Some studies [41,46] relate fairness to inclusion. For instance, ref. [41] stresses that fairness is expressed by means of inclusion and diversity by ensuring equal access through inclusive design and equal treatment. In [46], it is stated that AI systems should make the same recommendations for everyone with similar characteristics or qualifications. In consequence, software developers and software operators should be required to test the deployed solutions in the workplace on a regular basis to ensure that the system is built for its purpose and it is not harmfully influenced by bias of any kind—gender, race, sexual orientation, age, religion, income, family status, and so on—exposing the variable character of fairness over time. The report also states that AI solutions should adopt inclusive design efforts to anticipate any potential deployment issues that could unintentionally exclude people. Both studies believe necessary the involvement of all affected stakeholders along the project lifecycle. This is a work philosophy that is shared by companies such as Telefónica [47], based in Spain, and one of the main telecommunication operators in Europe. Several of the techniques and metrics available describing how ML pursues fairness are mathematically formalized in the literature [9,10]. A critical analysis of metrics and techniques such as those formalized in both studies were criticized in [3].
A cultural attachment is also presented in [10] while defining the fairness variable when the authors state that different preferences and outlooks within different cultures condition the current situation of having multiple concepts for the term. The situation is aggravated by the fact that available definitions of fairness in philosophy, psychology, and computer science supporting algorithmic constraints are mostly based on Western culture. This led the authors to define fairness as the absence of any prejudice or favoritism towards an individual or a group based on their intrinsic or acquired traits in the context of decision-making.
An even broader definition is being proposed by the Vatican [48] while using impartiality to explain fairness. The Vatican’s working concept gathers the development and consumption of AI systems when it says, “do not create or act according to bias”, and it connects the outcome of working to ensure fairness with its human focus when it says, “safeguarding fairness and human dignity”.

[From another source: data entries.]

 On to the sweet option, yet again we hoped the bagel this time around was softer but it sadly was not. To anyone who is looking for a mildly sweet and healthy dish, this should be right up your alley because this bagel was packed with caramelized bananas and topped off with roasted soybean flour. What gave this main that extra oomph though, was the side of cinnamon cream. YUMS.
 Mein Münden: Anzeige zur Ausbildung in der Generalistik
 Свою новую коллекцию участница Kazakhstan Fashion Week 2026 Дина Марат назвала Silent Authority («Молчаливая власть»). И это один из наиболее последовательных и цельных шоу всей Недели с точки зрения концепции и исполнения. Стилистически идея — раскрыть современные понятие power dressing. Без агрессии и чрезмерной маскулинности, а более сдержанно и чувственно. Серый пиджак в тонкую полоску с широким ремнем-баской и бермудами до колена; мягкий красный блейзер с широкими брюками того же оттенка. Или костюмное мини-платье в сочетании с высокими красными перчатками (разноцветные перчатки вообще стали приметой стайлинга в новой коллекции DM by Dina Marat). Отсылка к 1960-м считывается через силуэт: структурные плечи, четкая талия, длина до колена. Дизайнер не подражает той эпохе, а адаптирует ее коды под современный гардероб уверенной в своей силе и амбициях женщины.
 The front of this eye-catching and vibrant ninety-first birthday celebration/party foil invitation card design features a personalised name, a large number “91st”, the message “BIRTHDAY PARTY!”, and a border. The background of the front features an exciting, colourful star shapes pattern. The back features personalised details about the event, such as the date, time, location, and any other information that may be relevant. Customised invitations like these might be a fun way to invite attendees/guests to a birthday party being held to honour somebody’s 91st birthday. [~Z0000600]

To wrap up the analysis of the fairness variable, we wish to point out that these studies [9,10,32,46,48] define fairness as the AIS’s ability to treat all similar individuals or groups equally and as the AIS’s inability to produce harm in any possible way. This is indeed a noble but still very broad definition, and it shows the lack of agreement among the scientific community to achieve a definition of fairness that can be widely accepted. The Indian National Strategy for AI [49] locates the issue of fairness at the forefront of discussion in academic, research and policy fora, something that definitely merits a multidisciplinary dialogue and sustained research to come to an acceptable resolution, and it suggests identifying the in-built biases to assess their impact, and in turn, to find ways to reduce the biases until techniques to bring neutrality to data feeding AI solutions, or to build AI solutions that ensure neutrality despite inherent biases, are developed. In that regard, we need to stress that [10] indicates it is crucial to understand the different kinds of discrimination that may occur given the numerous distinct available definitions of fairness.
The analysis evidences a steering of the majority of the elements describing machine learning’s traditional approach [17,20,23] to cope with bias and discrimination, moving away from its reactive character towards a more proactive style. Hence, it is appropriate to state that, in order to produce less discriminatory outcomes, in the context of AIS, the engineering focus needs to commute from fairness (as a nonfunctional requirement) to trustworthy AI as a business model.

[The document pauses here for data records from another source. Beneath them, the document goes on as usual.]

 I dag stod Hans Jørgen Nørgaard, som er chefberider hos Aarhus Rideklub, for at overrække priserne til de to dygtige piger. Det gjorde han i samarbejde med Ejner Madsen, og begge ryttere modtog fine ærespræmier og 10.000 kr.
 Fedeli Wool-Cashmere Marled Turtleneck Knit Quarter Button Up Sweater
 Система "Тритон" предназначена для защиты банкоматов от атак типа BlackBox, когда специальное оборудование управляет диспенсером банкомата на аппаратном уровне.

6. Analysis of the Variable Trustworthiness

Several studies [4,6,7,50,51] agree that it requires human agency, oversight, and the use of a set of overlapping properties to define trustworthiness in the context of AI systems development and consumption. Among the most frequent highlighted properties across the studied bibliography, the following can be found:
  • Reliability is when the system does the right thing it was designed to and is available when it needs to be accessed.
  • Reproducibility is when the systems produce the same results in similar contexts.
  • Safety is when the system induces no harm to people as a result of their outcomes.
  • Security is when the systems are invulnerable or resilient to attacks.
  • Privacy is when the system protects a person’s identity and the integrity of data, indicates access permission and methods, data retention periods, and how data will be destroyed at the end of such period, which ensures a person’s right to be forgotten.
  • Accuracy is when the system performs as expected despite new unseen data compared to data on which it was trained and tested.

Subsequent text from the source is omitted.